C’était un grand service que Clarke lui rendait, car Malet avait dû solliciter un traitement de réforme en alléguant « que le délabrement du peu de fortune qui lui restait rendait cette mesure pressante et de pleine nécessité ; « à présent, il se trouvait non seulement rétabli à solde entière, mais, quoique faisant nominalement partie de l’Armée du Rhin, détaché à la 6e division territoriale dont le siège était à Besançon. Il était donc a portée d’y exercer sur ses compatriotes du Jura une influence décisive.

Si le général Labarollière qui commandait la division était resté sans doute eût-il arrêté les empiétements de Malet, mais il venait d’être remplacé par un certain général Muller qui simple soldat en 1789, adjudant-général, général de brigade et général de division dans la même année 93, représentait au naturel le soudard au langage bas, aux mœurs ignobles ivrogne, butor et, il n’est pas besoin de le dire, d’une révoltante incapacité. Malet le prit en main pour profiter de son autorité. Aspirant de longue date à jouer un rôle politique, il profita des circonstances qui lui assuraient une telle influence dans son pays et se présenta aux élections qui durent suivre le 18 fructidor.

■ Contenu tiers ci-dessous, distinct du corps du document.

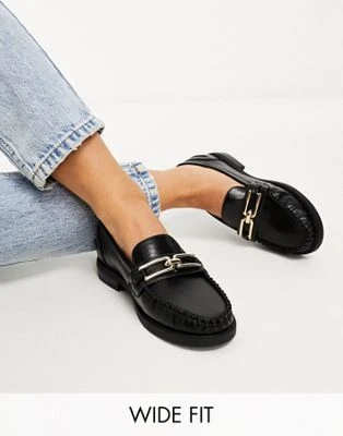ASOS DESIGN – Maestro – Mocassini A Pianta Larga Neri Con Suola Spessa E Pannello Con Impunture

Il parait que Malet n’était point goûté par les représentants du Jura. Ils disaient qu’il « pratiquait des manœuvres dans son pays natal et obtenait par sa place une influence qui pouvait tôt ou tard devenir funeste à la tranquillité du département. » Ils dénonçaient Malet et le général Muller comme « constamment entourés par les ennemis du gouvernement et ne laissant échapper aucune occasion de le décrier... Malet, disaient-ils, s’appesantissait sans cesse sur la misère des troupes qui devait, selon lui, exciter l’indignation contre le gouvernement ; il se plaignait amèrement du costume accordé par le Directoire aux États-majors et s’écriait d’un ton hypocrite : « Qu’on paye les invalides au lieu de nous chamarrer d’or. » Ses propos, ses choix, ses fréquentations étaient d’un « anarchisme notoire. » Et, concluaient les députés, « il appartient au Directoire dans sa sagesse d’apprécier ces différents traits. » Attaqué par les représentants du Jura, et par les administrateurs du département du Doubs qui se montraient plus vifs encore, Malet obtenait un certificat de civisme de la municipalité de Besançon, laquelle attestait que, dans un temps où cette commune était en proie à des agitations causées par les partisans des rois, « sa conduite avait été la plus irréprochable et qu’elle lui avait mérité l’estime et la confiance des autorités patriotes et de tous les vrais républicains. »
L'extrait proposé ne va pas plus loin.